十七、Elasticsearch索引相关命令、分词器及原理

作者: 书写只为分享 | 来源:发表于2019-11-22 01:00 被阅读0次

十七、Elasticsearch索引相关命令、分词器及原理
ES入门4-分词
十六、Elasticsearch查询相关命令及原理
ElasticSearch核心之——分词
Elasticsearch 技术分析（八）：剖析 Elastic
一个非常hao用的elasticsearch中文分词器插件 Ha
Elasticsearch-基础使用
MySQL索引背后的数据结构及算法原理
搜索引擎ElasticSearch之（1）、架构简介及基本服务搭
Elasticsearch从入门到放弃：瞎说Mapping

1、索引的增删改

创建索引的示例

PUT /my_index

{

"settings": {

"number_of_shards": 1,

"number_of_replicas": 0

},

"mappings": {

"my_type": {

"properties": {

"my_field": {

"type": "text"

}

修改索引

PUT /my_index/_settings

{

"number_of_replicas": 1

}

删除索引

DELETE /my_index

DELETE /index_one,index_two

DELETE /index_*

DELETE /_all

防止使用delete/_all,可以在elasticsearch.yml里面修改action.destructive_requires_name: true

2、分词器设置

（1）、默认的分词器standard

standard tokenizer：以单词边界进行切分

standard token filter：什么都不做

lowercase token filter：将所有字母转换为小写

stop token filer（默认被禁用）：移除停用词，比如a the it等等

（2）、修改分词器的设置

设置一个索引，启用english停用词默认token filter，这样这个索引就是按这种来分词的

PUT /my_index

{

"settings": {

"analysis": {

"analyzer": {

"es_std": {

"type": "standard",

"stopwords": "_english_"

}

（3）、定制化自己的分词器

PUT /my_index

{

"settings": {

"analysis": {

"char_filter": {

"&_to_and": {

"type": "mapping",

"mappings": ["&=> and"]

}

},

"filter": {

"my_stopwords": {

"type": "stop",

"stopwords": ["the", "a"]

}

},

"analyzer": {

"my_analyzer": {

"type": "custom",

"char_filter": ["html_strip", "&_to_and"],

"tokenizer": "standard",

"filter": ["lowercase", "my_stopwords"]

}

GET /my_index/_analyze

{

"text": "tom&jerry are a friend in the house, <a>, HAHA!!",

"analyzer": "my_analyzer"

}

PUT /my_index/_mapping/my_type

{

"properties": {

"content": {

"type": "text",

"analyzer": "my_analyzer"

}

3、type相关知识

type，是一个index中用来区分类似的数据的，类似的数据，但是可能有不同的fields，而且有不同的属性来控制索引建立、分词器。

field的value，在底层的lucene中建立索引的时候，全部是二进制类型，不区分类型的，lucene是没有type的概念的，在document中，实际上将type作为一个document的field来存储，即_type，es通过_type来进行type的过滤和筛选。

一个index中的多个type，实际上是放在一起存储的，因此一个index下，不能有多个type重名，而类型或者其他设置不同的，因为那样是无法处理的

例如：

PUT /my_index/my_type/1

{

"name": "geli kongtiao",

"price": 1999.0,

"service_period": "one year"

}

PUT /my_index/my_type/2

{

"name": "aozhou dalongxia",

"price": 199.0,

"eat_period": "one week"

}

在底层的存储是这样子的。
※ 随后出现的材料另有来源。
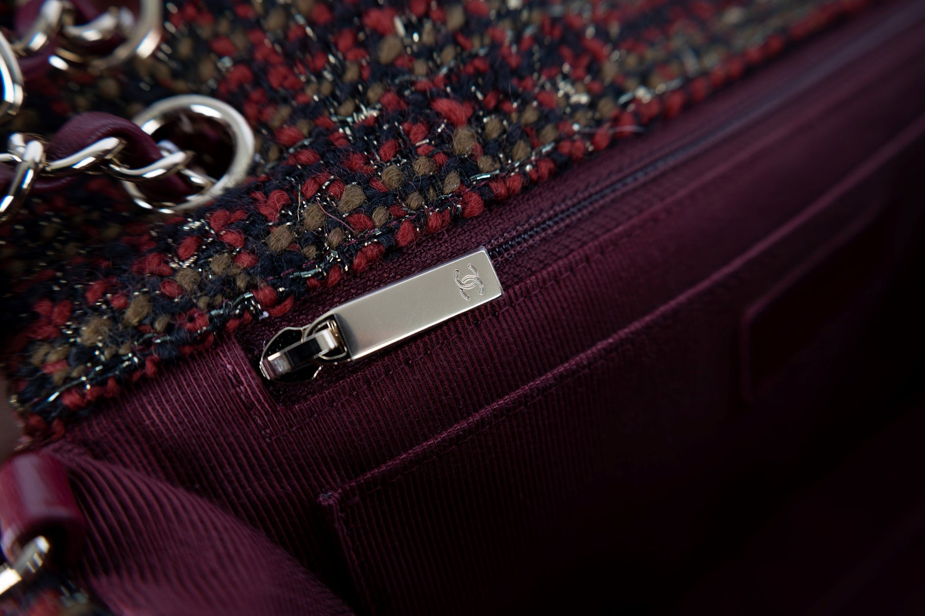 The chevron pattern on the bag features red and golden shimmers and the body features a multicolor tweed. Inclusions: Dust bag, box. NFT option available. Discover more.

。。。

{

"my_index": {

"mappings": {

"_type": {

"type": "string",

"index": "not_analyzed"

},

"name": {

"type": "string"

}

"price": {

"type": "double"

}

"service_period": {

"type": "string"

}

"eat_period": {

"type": "string"

}

{

"_type": "elactronic_goods",

"name": "geli kongtiao",

"price": 1999.0,

"service_period": "one year",

"eat_period": ""

}

{

"_type": "fresh_goods",

"name": "aozhou dalongxia",

"price": 199.0,

"service_period": "",

"eat_period": "one week"

}

最佳实践，将类似结构的type放在一个index下，这些type应该有多个field是相同的

假如说，你将两个type的field完全不同，放在一个index下，那么就每条数据都至少有一半的field在底层的lucene中是空值，会有严重的性能问题

4、mapping相关知识

Mapping相关属性设置有那些统称root object

就是某个type对应的mapping json，包括了properties，metadata（_id，_source，_type），settings（analyzer），其他settings（比如include_in_all)这些

格式：

PUT /my_index

{

"mappings": {

"my_type": {

"properties": {}

}

（1）properties

PUT /my_index/_mapping/my_type

{

“properties”:{

“title”:{

“type”:”text”

}

(2)、_source

好处

（1）查询的时候，直接可以拿到完整的document，不需要先拿document id，再发送一次请求拿document

（2）partial update基于_source实现

（3）reindex时，直接基于_source实现，不需要从数据库（或者其他外部存储）查询数据再修改

（4）可以基于_source定制返回field

（5）debug query更容易，因为可以直接看到_source

如果不需要上述好处，可以禁用_source

PUT /my_index/_mapping/my_type2

{

"_source": {"enabled": false}

}

(3)、_all

将所有field打包在一起，作为一个_all field，建立索引。没指定任何field进行搜索时，就是使用_all field在搜索。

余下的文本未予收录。